Sebelumnya, Menteri Koperasi dan UKM Teten Masduki memastikan dalam Permendag Nomor 31 Tahun 2023 tidak mengenal istilah transisi atau migrasi sistem seperti dalih Tiktok.

"Waktu tiga bulan yang diberikan pemerintah kepada TikTok semestinya lebih dari cukup. Pemerintah sebaiknya tidak menoleransi lagi," kata Anggota Komisi VI DPR Amin AK kepada wartawan, Rabu 13 Maret 2024.

TikTok Logo

Photo :
  • VIVA.co.id/Arianti Widya

"Kami sangat menyayangkan praktik manipulatif TikTok yang memanfaatkan masa ujicoba dengan menghidupkan lagi social-commerce mereka. Dalam 3 bulan terakhir, berdasarkan pantauan kami, aplikasi TikTok sebagai aplikasi media sosial secara terang-terangan bisa bertransaksi langsung dengan konsumen," sambung Amin.

Selain tidak adanya masa transisi atau migrasi sistem, Tiktok juga diduga melanggar ketentuan Permendag 31/2023 terkait interkoneksi data antara perusahaan terafilisasi. Meski disebut transaksi terjadi di-backend Tokopedia, namun tetap terjadi interkoneksi data antara Tiktok sebagai sosial media dengan Tokopedia yang merupakan perusahaan terafiliasi. 

Menurut legislator asal PKS itu, mengawasi betul masa transisi Tiktok Shop yang sebelumnya sempat heboh ditutup karena model bisnis dagang mereka telah melemahkan pelaku usaha kecil-menengah. Demi membidik pasar Indonesia, Tiktok bahkan mengakusisi Tokopedia yang merupakan ecommerce lokal Tanah Air. 

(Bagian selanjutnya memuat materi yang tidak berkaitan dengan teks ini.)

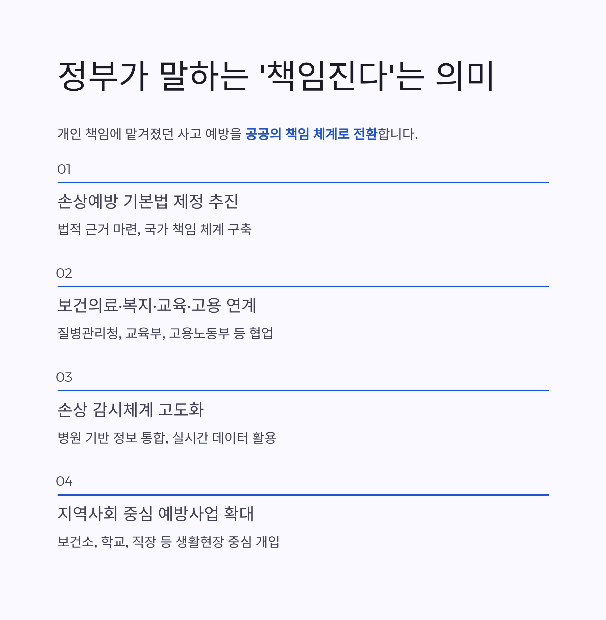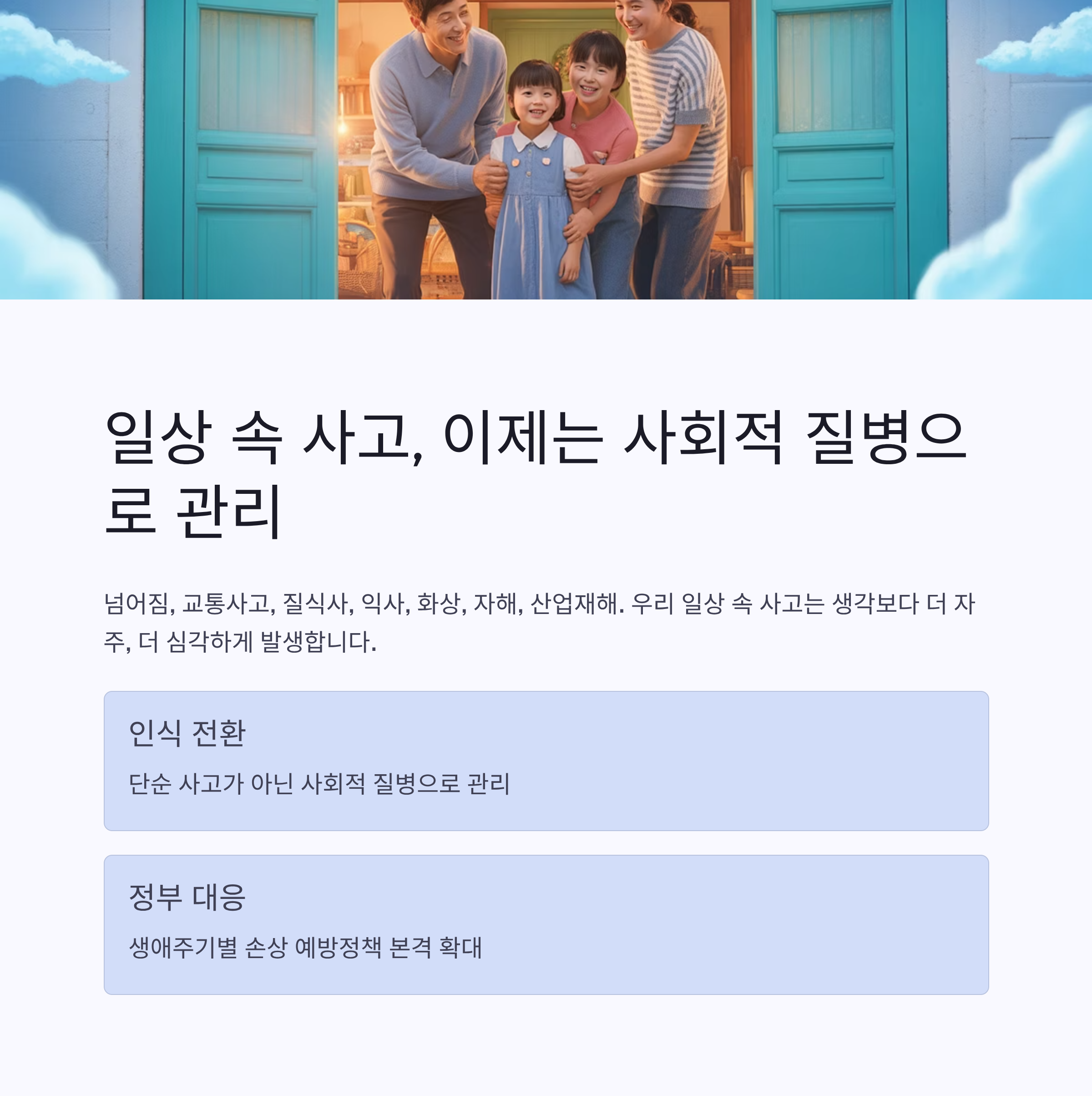 정부는 ‘개인 책임’에 맡겨졌던 사고 예방을 공공의 책임 체계로 전환하고 있습니다.

"Di tengah proses yang berlangsung tersebut, faktanya transaksi di TikTok Shop terus berlangsung. TikTok masih memanfaatkan media sosial sebagai media transaksi e-commerce. Jika di awal saja sudah jadi ‘bad boy’, kita pantas khawatir ke depan pelanggaran aturan akan Kembali terulang," ujarnya.

Amin bilang, sikap pemerintah Indonesia sangat jauh berbeda dengan pemerintah Amerika Serikat. Kebijakan Amerika dinilai sangat melindungi warganya dari kepentingan ekonomi dan keamanan data warga negaranya terhadap perusahaan asing yang beroperasi di negeri Paman Sam.

Pertama, pentingnya negara serius melindungi kepentingan konsumen, dalam konteks ini kekhawatiran bocornya data pribadi masyarakat AS yang berpotensi dapat diambil oleh pemerintah China. Kedua, keberpihakan pemerintah AS terhadap pelaku usaha di dalam negeri dan masa depan perekonomian nasional mereka, khususnya di sektor e-commerce.

"Saya melihat kebijakan pemerintah AS dan pemerintah Indonesia sangat berbeda jauh. Saya khawatir, akuisisi Tokopedia oleh TikTok itu menjadi ‘kuda troya’ penguasaan data pribadi masyarakat Indonesia oleh TikTok dan perusahaan induknya," ujarnya.

Ia juga khawatir, investasi BUMN Telkom melalui Telkomsel di GoTo (Gojek-Tokopedia) turut berpengaruh. Sebab, bukan tidak mungkin kepemilikan perusahaan pelat merah itu yang kini menjadi minoritas, data Telkomsel dimanfaatkan demi kepentingan perusahaan asing.

“Saya mendesak pemerintah untuk lebih tegas soal perlindungan data pribadi maupun keamanan nasional, termasuk keamanan perekonomian nasional. Jangan karena kita butuh investasi, namun abai terhadap upaya melindungi kepentingan bangsa dan negara," kata dia

Logo TikTok.

Photo :
  • Beebom

Seperti diketahui, DPR AS akan mengambil sikap terkait aturan yang memaksa Bytedance, menjual kepemilikan Tiktok kepada pemilik di luar China jika masih ingin beroperasi di Amerika, yang merupakan pasar terbesar. 

Menurut The Economist, media berpengaruh di Inggris, AS menilai Tiktok digunakan sebagai alat propaganda China yang berbenturan dengan barat. Informasi yang tersebar melalui Tiktok disebut sangat bias dan tidak berdasar. 

Di sisi lain, Tiktok justru berhasil mengakuisisi Tokopedia yang merupakan ecommerce lokal terbesar di Indonesia. Selain AS, dalam artikel disebutkan juga, negara-negara lain, mulai dari Inggris dan Prancis hingga Australia,  mulai menerapkan beberapa pembatasan di negara mereka sendiri.